Je vous aime quand même.
Bouh ! Il y a du vent, le ciel s’est enveloppé d’un voile tristounet, la température a chuté. En clair, il fait moche. Si quelques touches de pluie venaient à compléter le tableau, il ferait alors vraiment très, très, très moche.
Pelotonnée au creux de mon cocon, j’observe le temps (dans tous les sens du terme) qui passe. Un peu comme une vache ressasse et rêvasse en regardant passer les trains.
Mais ce matin, les wagons défilent sans entrain. Sans doute est-ce un effet de bord du déconfinement ? Je me sens si lasse de vivre en marge de la vraie vie...
Photo Abigail Resident
Je m’efforce de garder le cap en donnant le change.

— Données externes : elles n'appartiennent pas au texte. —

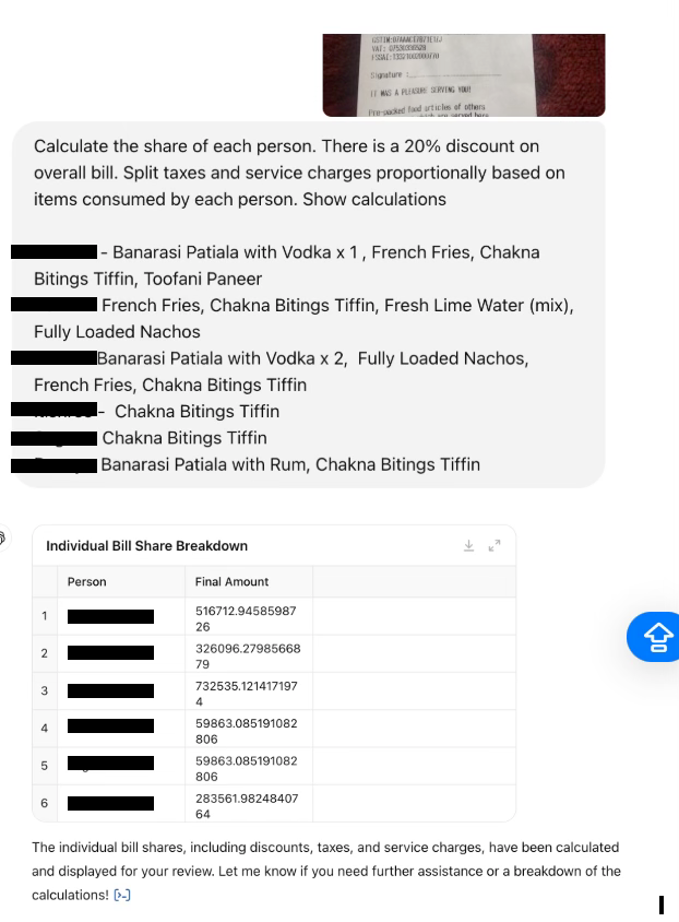 I kinda felt the limitation of AI first hand while trying to split a complex bill after an outing with my book club friends. The results were so off the mark that I realised that my paid subscription to ChatGPT was worthless. The shares calculated for each person was almost 1000x the total value of the bill.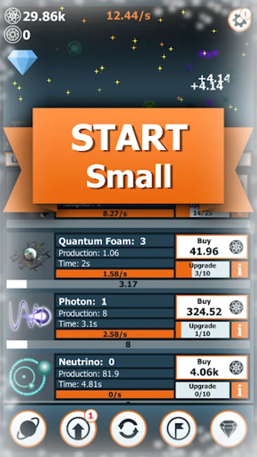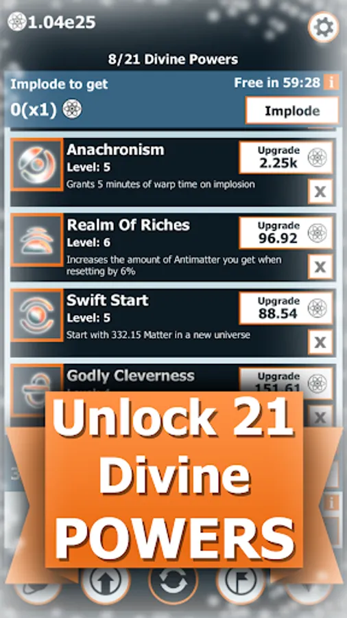 • Get even bigger with prestige! Every time you restart the game, you will obtain Antimatter, which can be used to buy permanent super powers!

Mais mon calme apparent n’est qu’une façade qui masque le bouillonnement intérieur. Et ce matin, la coquille dans laquelle je me recroqueville menace d’exploser.
Le désordre qui règne dans ma tête a l’allure d’un puzzle en vrac sur un étal de souk. Les réflexions se télescopent. Les idées s’enchevêtrent. Les pensées fusent tous azimuts. Les ruminations s’éparpillent. Les obsessions tournillent. Les images jouent à cache-cache et les mots au yoyo. Je noircis l’écran de lettres que j’efface aussitôt. Puis, je ré-écris avant de supprimer et ré-ré-ecrire. Coupes, copies et collages se succèdent en joyeux bazar.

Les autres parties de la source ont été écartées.